Systems and methods for planning peripheral endovascular procedures with magnetic resonance imaging

Abstract

Systems and methods for planning peripheral endovascular, and other, procedures based on magnetic resonance imaging (“MRI”] are provided. Mechanical properties of lesions, morphology, and vessel patency are characterized based on non-contrast angiography and ultrashort echo time (“UTE”] images. The methods described in the present disclosure also provide improved visualization of the vascular tree and microchannels.

Description

CROSS-REFERENCE TO RELATED APPLICATIONS[0001]This application claims the benefit of U.S. Provisional Patent Application Ser. No. 62 / 481,899, filed on Apr. 5, 2017, and entitled “SYSTEMS AND METHODS FOR PLANNING PERIPHERAL END OVASCULAR PROCEDURES WITH MAGNETIC RESONANCE IMAGING,” which is herein incorporated by reference in its entirety.BACKGROUND[0002]There are two treatment options for revascularizing patients with critical limb ischemia: bypass surgery and percutaneous vascular intervention (“PVI”). PVI is less invasive but has high immediate technical failure rates (20%) and high re-intervention rates (20%). The most common mode of immediate failure is the inability to enter / cross the lesion.[0003]With current imaging (x-ray angiography, CTA, duplex ultrasound) it is difficult to predict which lesions will be soft enough to cross with a wire to make PVI possible. Physicians have responded with a “percutaneous-first” strategy where they attempt PVI in all patients and perform sur...

AI Technical Summary

Benefits of technology

This patent describes a method for using magnetic resonance imaging (MRI) to characterize a lesion in a patient. The method involves first obtaining a set of ultrashort echo time images and then a set of longer echo time images of the patient's volume of interest. These images are then combined using a computer system to produce a combined image. This combined image is used to identify and characterize the lesion based on the comparison of magnetic resonance signal behaviors between the images. Additionally, this patent also describes a method for generating an endovascular procedure plan using MRI. This involves obtaining magnetic resonance angiography (MRA) images and combining them with the ultrashort echo time images to create a three-dimensional angiogram. This angiogram is then used to identify and characterize a lesion. The combined image data and the MRA images are then used to generate a report indicating the endovascular procedure plan for the patient. The technical effects of this patent include improved accuracy in identifying and characterizing lesions and improved guidance in endovascular procedures.
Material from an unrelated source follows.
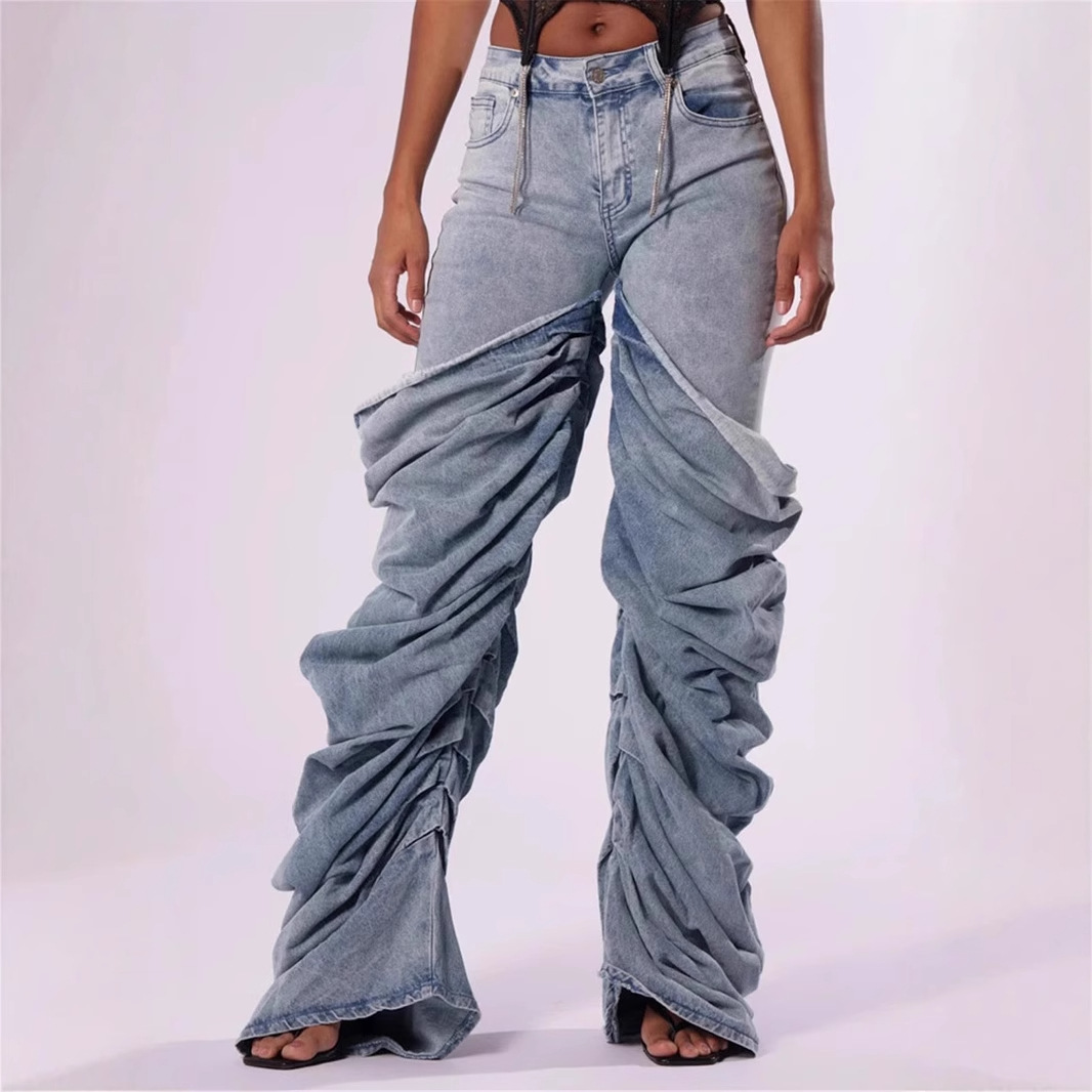 国境を越えた欧米の街頭ファッションinsが独立して立っている不規則なしわが、ズボンの筒のマイクロラッパジーンズの女性をつなぎ合わせている

Problems solved by technology

PVI is less invasive but has high immediate technical failure rates (20%) and high re-intervention rates (20%).
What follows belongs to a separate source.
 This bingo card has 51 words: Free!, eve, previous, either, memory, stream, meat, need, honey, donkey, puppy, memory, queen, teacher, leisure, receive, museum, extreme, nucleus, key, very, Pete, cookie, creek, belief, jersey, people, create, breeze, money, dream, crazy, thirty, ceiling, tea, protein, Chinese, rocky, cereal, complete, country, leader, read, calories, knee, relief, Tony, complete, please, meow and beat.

The most common mode of immediate failure is the inability to enter / cross the lesion.

With current imaging (x-ray angiography, CTA, duplex ultrasound) it is difficult to predict which lesions will be soft enough to cross with a wire to make PVI possible.

This requires more procedures per index limb at significant cost to healthcare systems and delays definitive revascularization.

Additionally, there is evidence that surgical bypass after failed PVI results in worse outcomes, including higher amputation rates within 1 year.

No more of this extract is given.